Years later, I learned that this individual did in fact go on to be ordained in a major denomination.
Perhaps loads of therapy did her some good and she was able to become a productive and capable clergy. Or, perhaps these difficulties were glossed over, because no one wanted to deal with them! My suspicion is that the latter was the case, but who knows.
Additionally, I'm aware of a well-known theological institution that now glosses over whether a student has earned a BA, crediting instead, "life experience."
Standards? No wonder the profession has lost credibility
Sarah on August 23, 2005 06:26 AM EST writes:
If the Episcopalians gave her a worse time than the Presbyterians, it's only because she gave them first crack at it. I had the same experience with the Presbyterians and am also switching denominations. It's amazing that the same people that decry the Patriot act as unreasonable will engage in the same abuses in the name of protection. Christian institutions engage in some very un-Christian like behavior. I like Kelley's comment about the house churches.
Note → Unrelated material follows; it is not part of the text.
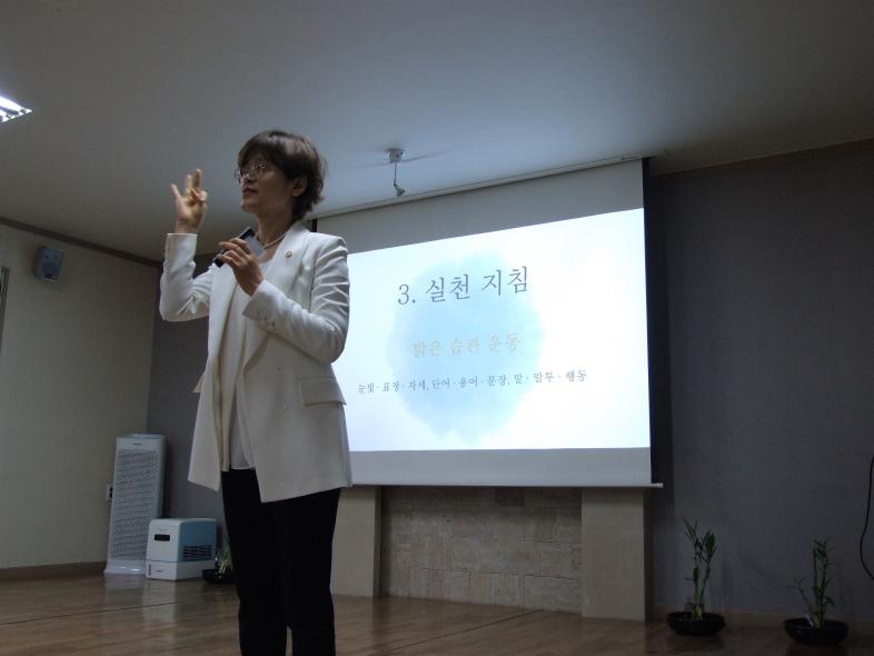 봉사원 화명실장님께서 실천 지침을 말씀하십니다.

Kelley V. on August 22, 2005 01:44 PM EST writes:
Why stay in a denomination?
I am hearing these stories more and more thanks to the web. Why would you stay within the confines of a denomination? Unless developing a quick income is a priority, starting a house church is a brilliant solution. My wife had a hundred people coming regularly to a home Bible study before we were ordained by ambush by several ministers who had visited our little work. I have great respect for both the denominations you note in your article, but when there is a calling on your life, sometimes you have to take it by force. Great writing---thanks.
Julia M. on August 22, 2005 12:17 PM EST writes:
What a wild experience. It sounds like the Church, or at least this writer's diocese, really hammers priests into what it wants them to be. What humiliation. I don't see how you could go through that process and come out feeling very good about yourself.